EDIT: To avoid looking like a complete idiot here, let me state that I understand that Ecto.Multi mandates a pipe or Enum.reduce and because of that with is not applicable there. OK, that part is clear. But passing data (through the data struct itself) and branching inside or after Repo.transaction, and handling errors, can be done just fine. Not sure about early exit though, it’s likely not doable when using Ecto.Multi indeed.

Yes, that is my own main argument against Ecto.Multi. I’ve been in several projects where we had to be extremely diligent – I was responsible for money flowing from the checkout + payment flows – and I did the job without mistakes but it was a rather soul-crushing experience to manually track all success and failure branches when using Ecto.Multi. But… I am still not sure how using the Repo.transact pattern – which hides error-handling to boot – is improving things beyond the code being shorter.

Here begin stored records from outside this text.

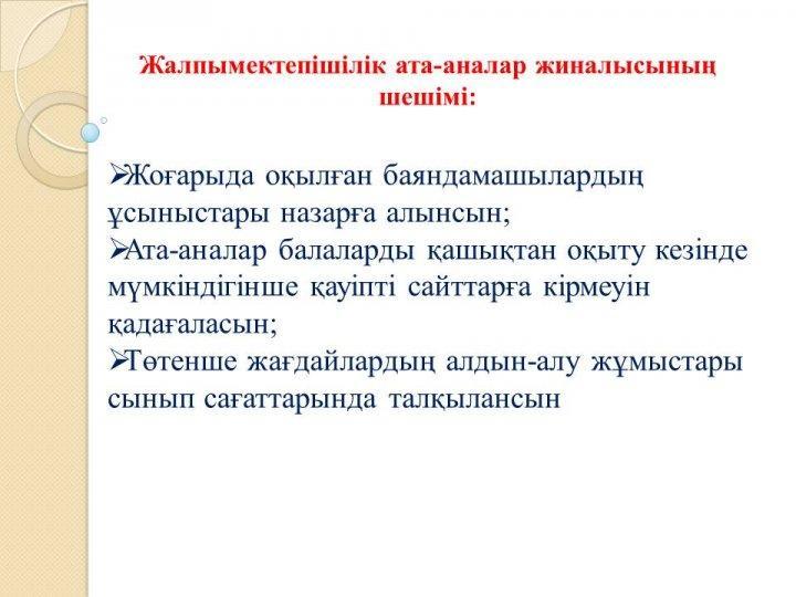 - Ата-аналар балаларды қашықтан оқыту кезінде мүмкіндігінше қауіпті сайттарға кірмеуін қадағаласын;
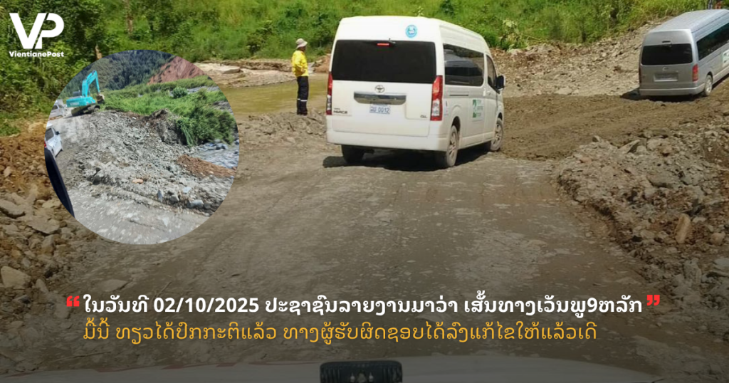 ໃນວັນທີ 02/10/2025 ປະຊາຊົນລາຍງານມາວ່າ ເສັ້ນທາງເວັນພູ9ຫລັກມື້ນີ້ ທຽວໄດ້ປົກກະຕິແລ້ວ ທາງຜູ້ຮັບຜິດຊອບໄດ້ລົງແກ້ໄຂໃຫ້ແລ້ວເດີ
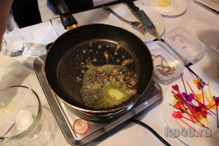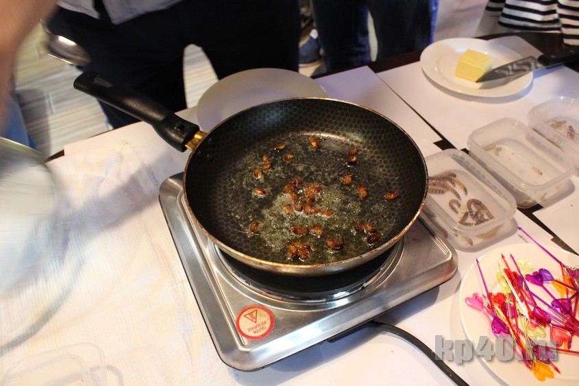 Все насекомые готовились на глазах участников: на электроплитку поставили сковородку, растопили в ней сливочное масло и добавили ещё живых тараканов. Насекомые жарились несколько минут.
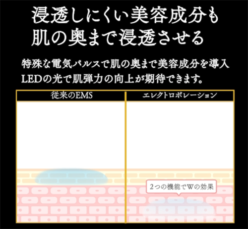 また、エレクトロポレーション技術によって、美容成分を肌の奥深くまで届けることが可能。
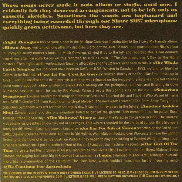 Bass Anna Piva | Drums James Powell | Engineer, Mixed By Andy Strange | Guitar, Organ, Percussion, Vocals Stephen Duffy
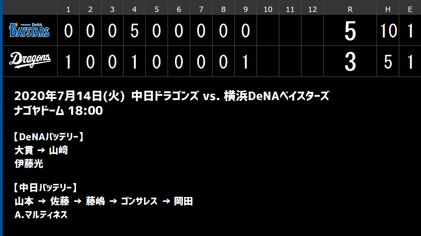 7月14日(火) セ・リーグ公式戦「中日vs.DeNA」 スコア速報
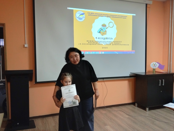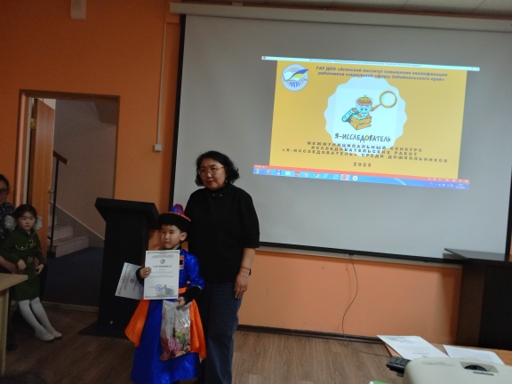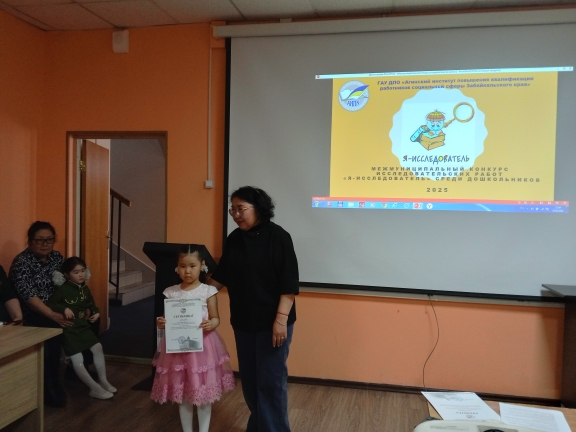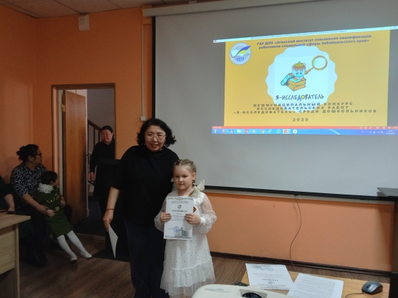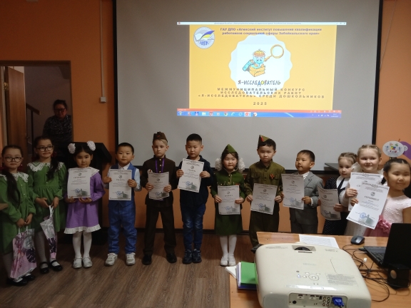 24 апреля 2025 года на базе ГАУ ДПО «Агинский институт повышения квалификации работников социальной сферы Забайкальского края» прошел межмуниципальный конкурс исследовательских работ среди детей старшего дошкольного возраста «Я-исследователь». Цель конкурса развитие интеллектуального, творческого потенциала личности ребенка дошкольного возраста, совершенствование навыков исследовательского поведения и развитие исследовательских способностей.
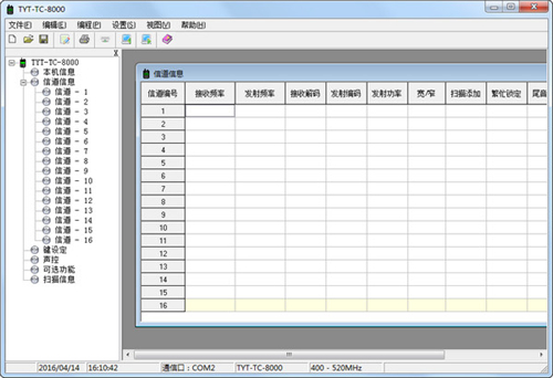 特易通tyt f8写频软件官方版是一款小巧轻量,速度飞快的写频软件。它灵活自由,简单直观。软件布局简洁,功能明晰,简单易用。主要适应于TYT-TH UVF8系列型对讲机使用。下载后将电脑与对讲机连接就可以对收频率、发射频率、解码、编码、发射功率、扫描添加、宽/窄、信道名、繁忙锁定、PTT ID、声控等参数进行修改了。

Somebody somewhere has to handle the errors, right? The fact that we’re not handling them there is not ridding us of this obligation. Am I missing something?

Can you please give an example on how this pattern improves error handling? I think I am having a huge derp moment because I still don’t get it and need actual examples.

Same, to me transact somehow does not sound right.

I very much agree with this and I have most often used Ecto.Multi exactly when I needed dynamism (also similar to what @sasajuric alluded to in his comment above).

…Ohhhh, that is starting to make sense to me now.

Not to be a rebel and go against everyone else here but – yes, this is how I feel about it as well.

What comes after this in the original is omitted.